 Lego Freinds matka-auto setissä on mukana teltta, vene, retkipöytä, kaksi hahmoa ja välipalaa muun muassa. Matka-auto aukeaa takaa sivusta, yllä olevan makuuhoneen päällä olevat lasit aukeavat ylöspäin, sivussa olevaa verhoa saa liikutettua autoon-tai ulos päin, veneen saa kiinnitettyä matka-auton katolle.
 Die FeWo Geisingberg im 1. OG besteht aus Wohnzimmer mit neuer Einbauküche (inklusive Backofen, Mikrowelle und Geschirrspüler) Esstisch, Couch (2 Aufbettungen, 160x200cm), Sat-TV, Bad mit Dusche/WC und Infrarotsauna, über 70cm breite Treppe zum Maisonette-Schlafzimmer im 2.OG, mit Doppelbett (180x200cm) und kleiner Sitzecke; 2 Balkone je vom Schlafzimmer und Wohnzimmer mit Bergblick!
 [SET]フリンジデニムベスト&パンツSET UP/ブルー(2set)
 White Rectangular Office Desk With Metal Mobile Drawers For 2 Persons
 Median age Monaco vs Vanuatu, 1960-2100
* * *
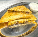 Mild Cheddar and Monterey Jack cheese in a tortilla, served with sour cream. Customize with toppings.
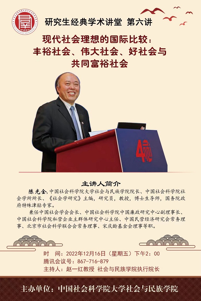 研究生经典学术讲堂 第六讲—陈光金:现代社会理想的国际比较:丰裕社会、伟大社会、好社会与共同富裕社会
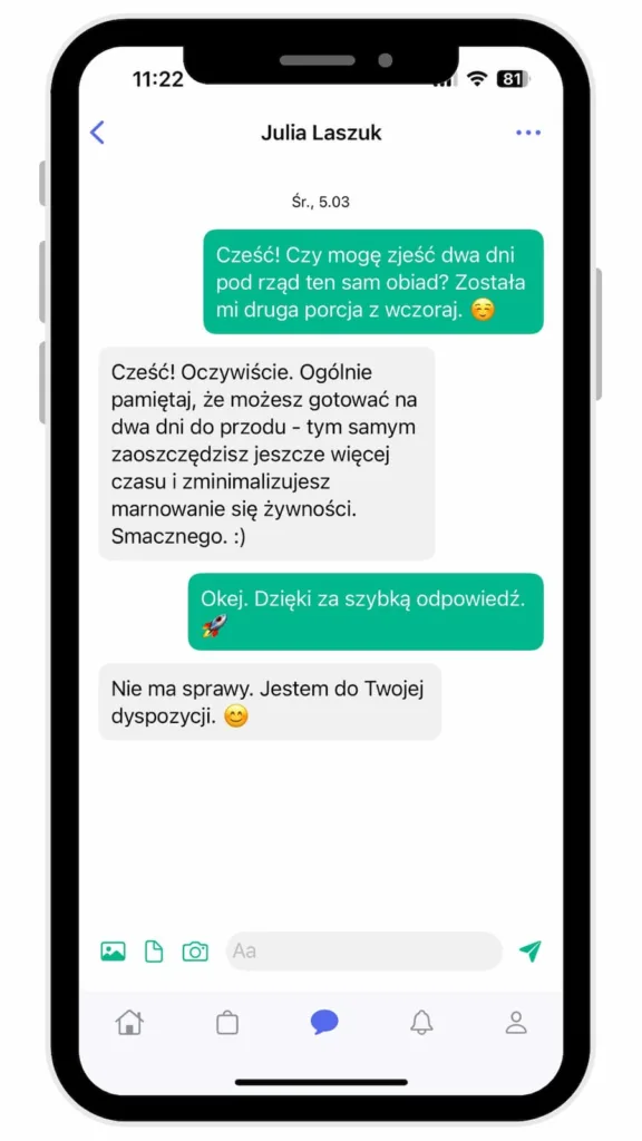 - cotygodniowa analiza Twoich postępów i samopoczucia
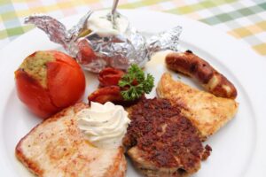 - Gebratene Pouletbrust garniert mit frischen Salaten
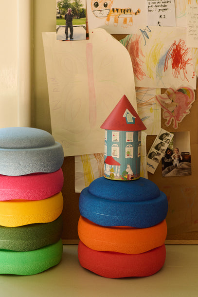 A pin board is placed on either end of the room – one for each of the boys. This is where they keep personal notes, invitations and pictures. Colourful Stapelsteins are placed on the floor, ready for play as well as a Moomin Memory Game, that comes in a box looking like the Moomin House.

[Problem]
Please transcribe exactly the lines above from the line that has "Lego Freinds matka-auto" up to and including the line that has "Median age Monaco vs Vanuatu, 1960-2100"; no other line belongs in the answer.

[Answer box]
 Lego Freinds matka-auto setissä on mukana teltta, vene, retkipöytä, kaksi hahmoa ja välipalaa muun muassa. Matka-auto aukeaa takaa sivusta, yllä olevan makuuhoneen päällä olevat lasit aukeavat ylöspäin, sivussa olevaa verhoa saa liikutettua autoon-tai ulos päin, veneen saa kiinnitettyä matka-auton katolle.
 Die FeWo Geisingberg im 1. OG besteht aus Wohnzimmer mit neuer Einbauküche (inklusive Backofen, Mikrowelle und Geschirrspüler) Esstisch, Couch (2 Aufbettungen, 160x200cm), Sat-TV, Bad mit Dusche/WC und Infrarotsauna, über 70cm breite Treppe zum Maisonette-Schlafzimmer im 2.OG, mit Doppelbett (180x200cm) und kleiner Sitzecke; 2 Balkone je vom Schlafzimmer und Wohnzimmer mit Bergblick!
 [SET]フリンジデニムベスト&パンツSET UP/ブルー(2set)
 White Rectangular Office Desk With Metal Mobile Drawers For 2 Persons
 Median age Monaco vs Vanuatu, 1960-2100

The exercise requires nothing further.